EXERCISE INPUT:
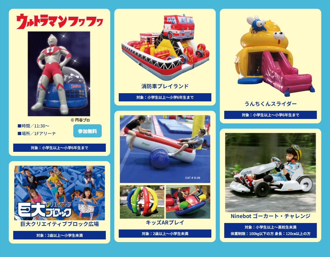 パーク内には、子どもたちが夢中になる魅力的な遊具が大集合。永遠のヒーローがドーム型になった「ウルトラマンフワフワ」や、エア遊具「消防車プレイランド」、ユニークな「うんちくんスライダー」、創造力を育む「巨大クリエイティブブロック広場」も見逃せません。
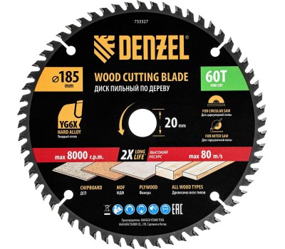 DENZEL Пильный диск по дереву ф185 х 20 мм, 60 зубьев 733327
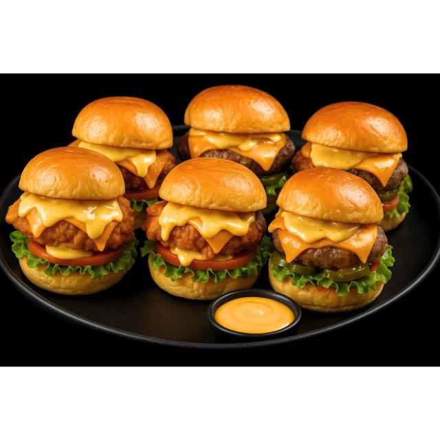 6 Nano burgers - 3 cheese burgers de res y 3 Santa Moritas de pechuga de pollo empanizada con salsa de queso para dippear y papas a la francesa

* * *

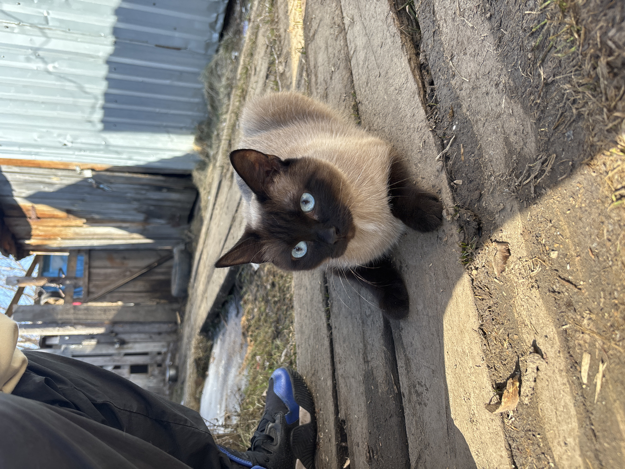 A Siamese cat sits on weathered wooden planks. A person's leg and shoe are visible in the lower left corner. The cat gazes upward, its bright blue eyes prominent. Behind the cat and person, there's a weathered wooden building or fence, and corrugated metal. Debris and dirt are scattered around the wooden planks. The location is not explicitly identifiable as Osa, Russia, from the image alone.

==

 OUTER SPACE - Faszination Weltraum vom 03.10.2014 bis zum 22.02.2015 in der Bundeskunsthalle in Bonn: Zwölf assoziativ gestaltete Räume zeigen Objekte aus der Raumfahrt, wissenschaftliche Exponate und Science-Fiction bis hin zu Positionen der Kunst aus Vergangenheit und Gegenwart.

ABOUT THIS EXERCISE:
With the pictures removed from your copy, retype the lines above from the one that contains "DENZEL Пильный диск" through the one that contains "6 Nano burgers", exactly.

TASK OUTPUT:
 DENZEL Пильный диск по дереву ф185 х 20 мм, 60 зубьев 733327
 6 Nano burgers - 3 cheese burgers de res y 3 Santa Moritas de pechuga de pollo empanizada con salsa de queso para dippear y papas a la francesa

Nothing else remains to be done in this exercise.